As ictioses são um grupo heterogéneo de doenças cutâneas hereditárias que se manifestam por secura - xerose - de toda ou quase toda a superfície corporal que se encontra coberta por películas de pele “morta” (escamas) de dimensões, espessura e forma variáveis. O termo ictiose deriva da palavra grega Ichthys que significa peixe, por analogia às escamas que recobrem a pele destes doentes.
São causadas por alterações de proteínas fundamentais no processo de formação da camada mais superficial da pele, a camada córnea, que é a principal barreira entro o organismo e o meio ambiente, protegendo-nos contra a perda de água e de calor. 
As manifestações clínicas devem-se não só à carência ou mau funcionamento da proteína alterada pela mutação genética mas também à tentativa da pele “reparar” essa deficiência. Para tentar repor a função de barreira, a pele pode responder com inflamação (vermelhidão), aumento da descamação e/ou da espessura e maturação anormal.
Este grupo de doenças genéticas pode ser transmitido de diferentes formas. Quando a transmissão é autossómica dominante, um progenitor é saudável e o outro manifesta a ictiose. Nestes casos, a probabilidade de cada filho do casal ter a doença é de 50%. 
Nas formas autossómicas recessivas, ambos os progenitores são portadores de um gene doente mas não manifestam a doença (são portadores assintomáticos).
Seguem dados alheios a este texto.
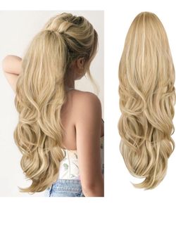 Blonde Ponytail Extension, Drawstring Ponytail Extension for Women 26 Inch Long Wavy Highlights Pony Tails Hair Extensions Synthetic Clip in Ponytail $15Lancaster, CA

São em regra situações mais raras, em que a probabilidade de os filhos terem a doença é de 25% (quando herdam um gene doente da mãe e outro também doente do pai). A probabilidade aumenta quando a criança nasce de pais com laços de consanguinidade. 
Finalmente, na ictiose ligada ao cromossoma x, a doença só se manifesta nos indivíduos de sexo masculino. A mutação ocorre no cromossoma x. Como as mulheres têm 2 cromossomas x, o cromossoma saudável “compensa” o outro cromossoma alterado e a doença não se manifesta. Se o filho de sexo masculino (XY) herdar o cromossoma doente da mãe, a doença manifesta-se já que o indivíduo não tem outro cromossoma x. Em conclusão, neste tipo de ictiose apenas elementos masculinos da família são afectados (as progenitoras são portadoras).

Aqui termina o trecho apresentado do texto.